To learn more about e.g. risks of value drift, risks of expropriation and legal structures, we’re looking into case studies of similar funds, both active now and in the past.

Unfortunately I cannot find the reference, but I seem to recall the Ford Foundation having suffered such severe value drift - far from what Henry Ford intended - that the family basically disowned it.

Creative ideas for optimal governance of the fund

I have heard (though have not verified, so consider this very speculative) that there is a legal structure left over from the crusades (for protecting your castle while you were away in the holy land) that might be useful for cryonics - perhaps it might be of use here.

Maybe https://www.newyorker.com/magazine/2016/01/04/what-money-can-buy-profiles-larissa-macfarquhar ?

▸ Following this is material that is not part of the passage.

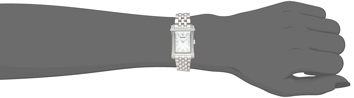 这款 Bulova 96R186 宝路华女士时尚石英手表,内置优质石英机芯,保证了时间的精确,外观采用银色全钢表壳表链设计,表框两侧为手工镶嵌水晶,晶莹剔透,奢华闪耀,防刮耐磨矿物玻璃表镜下为白色表盘,表盘镶有银色全时刻度和指针,表盘直径18mm,防水深度30m还是很靠谱的,足够应付日常生活。
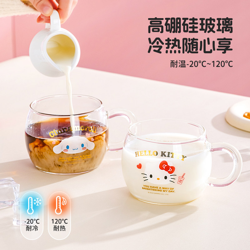 三丽鸥玉桂狗高硼硅耐热玻璃杯女生高颜值水杯家用儿童牛奶早餐杯

The foundation was established by Henry Ford II’s father, Edsel Ford, the son of Henry Ford, in Michigan in 1936, with a gift of twenty-five thousand dollars. At first, it was a small, local foundation funding mostly small, local things. But, after Edsel Ford died, in 1943, and Henry Ford died, in 1947, and willed to the foundation a large chunk of the nonvoting stock of the Ford Motor Company, it became clear that the foundation was going to become, overnight, the largest philanthropic organization in the world. It was not exactly generosity that inspired the gift: if the stock had gone to the Ford children, they would have owed so much in taxes—more than three hundred million dollars—that, in order to pay, they would have had to sell stock in such quantities as to lose control of the company to the public. In addition, Henry and Edsel Ford instructed in their wills that all inheritance taxes—around forty million dollars—be paid by the foundation. Motives notwithstanding, it was a source of bemusement to conservatives ever after that the money made by the arch-conservative Henry Ford, the publisher of “The Protocols of the Elders of Zion,” in a system and spirit of unfettered capitalism, should have fallen into the hands of liberals. When John Olin, the founder of the conservative Olin Foundation, died, in 1982, he decreed that his foundation should not exist in perpetuity, lest it be taken over by the kind of lefty forces that had taken over Ford.

The real hinge here is how much we should expect the future to be a continuation of the past and how much we update based on our best predictions. Given what we know about about existential risk and the likelihood that AI will dramatically change our economy, I don't think this idea makes sense in the current context.

That would be great! I would really like to see this! Would likely be in my, or my top recommendation for donations.

I recently wrote about how altruistic investing differs from regular investing, with some ideas about how altruists might want to invest their money. It's just some preliminary ideas and it's targeted at retail investors, but most of it is relevant to your situation. It includes some ideas that I do not commonly see discussed in EA circles or in investing circles.

I believe that there might be a counterargument somewhat along these lines.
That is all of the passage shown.